GIVEN RECORDS:
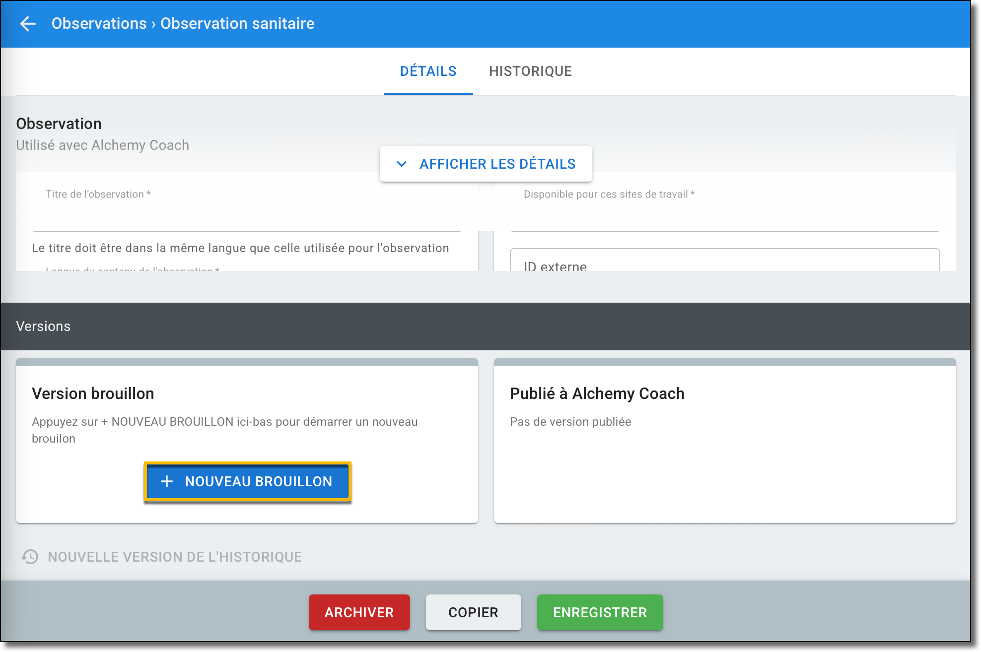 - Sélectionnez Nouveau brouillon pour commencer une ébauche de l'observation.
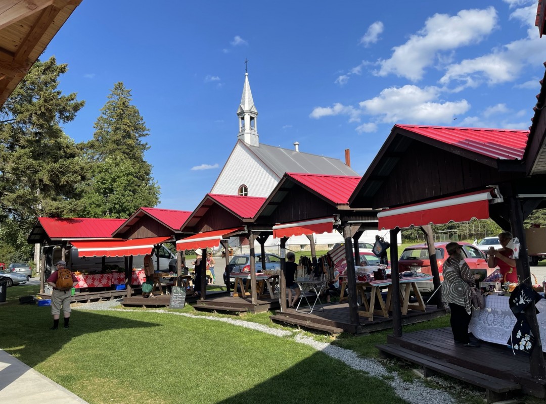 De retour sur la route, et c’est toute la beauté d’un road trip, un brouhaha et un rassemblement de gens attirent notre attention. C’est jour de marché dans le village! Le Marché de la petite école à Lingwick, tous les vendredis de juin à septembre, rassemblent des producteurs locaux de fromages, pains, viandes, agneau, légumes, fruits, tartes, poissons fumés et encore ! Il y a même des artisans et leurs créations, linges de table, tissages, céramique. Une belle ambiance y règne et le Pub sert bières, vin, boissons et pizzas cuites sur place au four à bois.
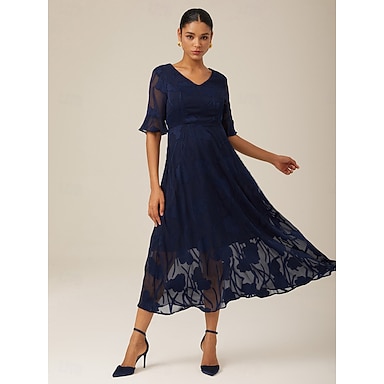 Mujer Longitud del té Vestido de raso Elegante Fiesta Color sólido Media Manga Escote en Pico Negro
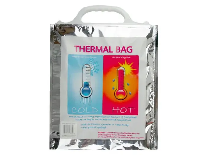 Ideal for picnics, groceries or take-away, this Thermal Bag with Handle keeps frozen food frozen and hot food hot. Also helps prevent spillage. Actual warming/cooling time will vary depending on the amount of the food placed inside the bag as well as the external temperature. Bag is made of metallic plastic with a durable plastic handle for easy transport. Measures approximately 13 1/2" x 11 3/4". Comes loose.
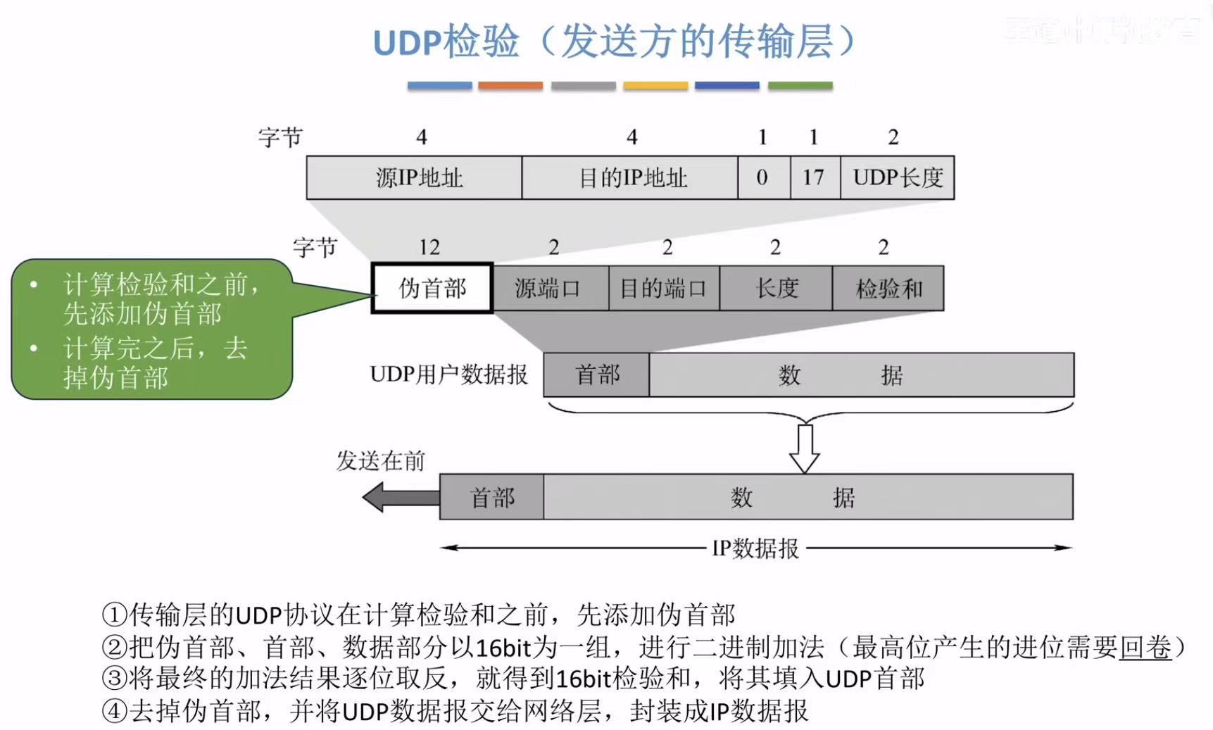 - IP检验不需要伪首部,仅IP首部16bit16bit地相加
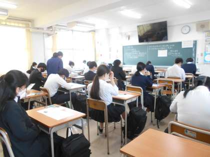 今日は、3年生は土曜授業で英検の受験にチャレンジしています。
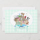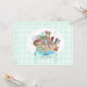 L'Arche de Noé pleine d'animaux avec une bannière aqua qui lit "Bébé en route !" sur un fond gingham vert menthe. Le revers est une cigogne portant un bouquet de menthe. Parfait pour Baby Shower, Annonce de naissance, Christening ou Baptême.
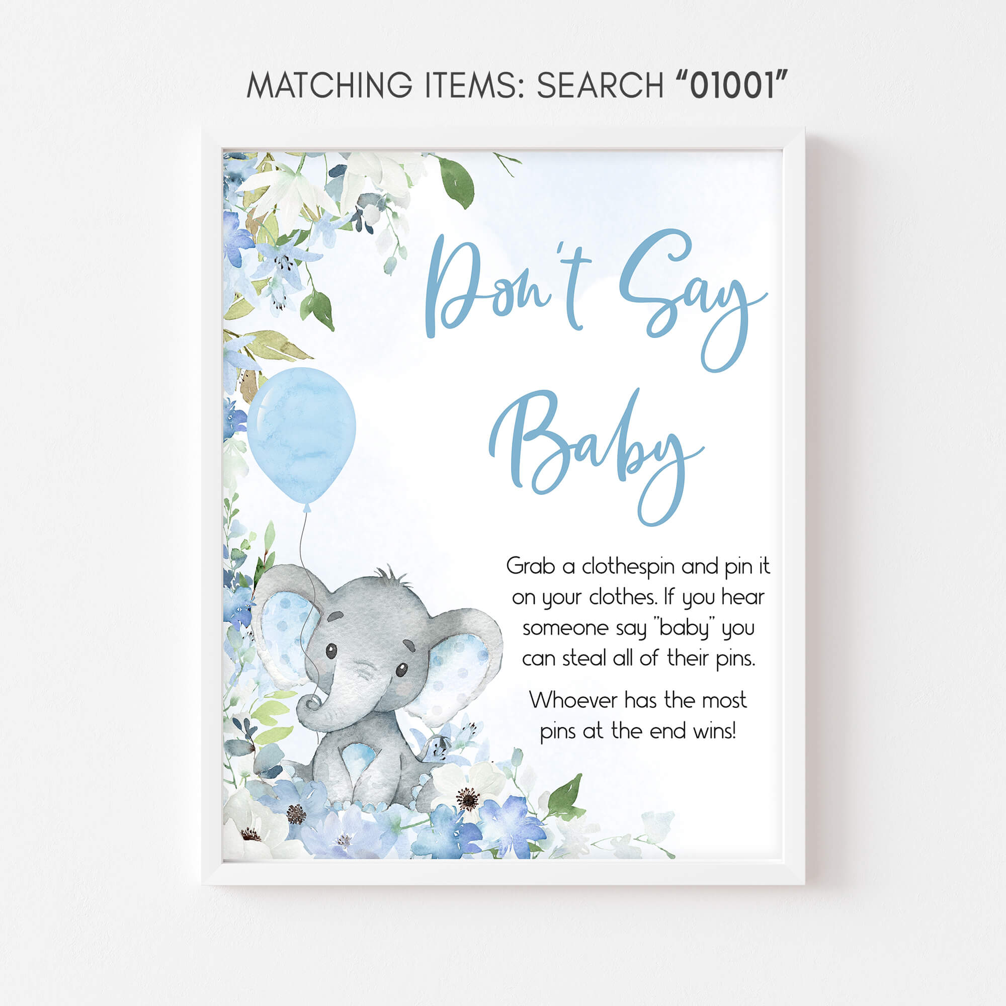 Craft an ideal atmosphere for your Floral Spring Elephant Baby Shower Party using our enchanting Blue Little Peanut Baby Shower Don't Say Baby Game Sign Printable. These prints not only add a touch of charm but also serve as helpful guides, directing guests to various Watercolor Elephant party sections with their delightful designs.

TASK STATEMENT: Print all records word for word, no images.

REPLY TO THE TASK:
 - Sélectionnez Nouveau brouillon pour commencer une ébauche de l'observation.
 De retour sur la route, et c’est toute la beauté d’un road trip, un brouhaha et un rassemblement de gens attirent notre attention. C’est jour de marché dans le village! Le Marché de la petite école à Lingwick, tous les vendredis de juin à septembre, rassemblent des producteurs locaux de fromages, pains, viandes, agneau, légumes, fruits, tartes, poissons fumés et encore ! Il y a même des artisans et leurs créations, linges de table, tissages, céramique. Une belle ambiance y règne et le Pub sert bières, vin, boissons et pizzas cuites sur place au four à bois.
 Mujer Longitud del té Vestido de raso Elegante Fiesta Color sólido Media Manga Escote en Pico Negro
 Ideal for picnics, groceries or take-away, this Thermal Bag with Handle keeps frozen food frozen and hot food hot. Also helps prevent spillage. Actual warming/cooling time will vary depending on the amount of the food placed inside the bag as well as the external temperature. Bag is made of metallic plastic with a durable plastic handle for easy transport. Measures approximately 13 1/2" x 11 3/4". Comes loose.
 - IP检验不需要伪首部,仅IP首部16bit16bit地相加
 今日は、3年生は土曜授業で英検の受験にチャレンジしています。
 L'Arche de Noé pleine d'animaux avec une bannière aqua qui lit "Bébé en route !" sur un fond gingham vert menthe. Le revers est une cigogne portant un bouquet de menthe. Parfait pour Baby Shower, Annonce de naissance, Christening ou Baptême.
 Craft an ideal atmosphere for your Floral Spring Elephant Baby Shower Party using our enchanting Blue Little Peanut Baby Shower Don't Say Baby Game Sign Printable. These prints not only add a touch of charm but also serve as helpful guides, directing guests to various Watercolor Elephant party sections with their delightful designs.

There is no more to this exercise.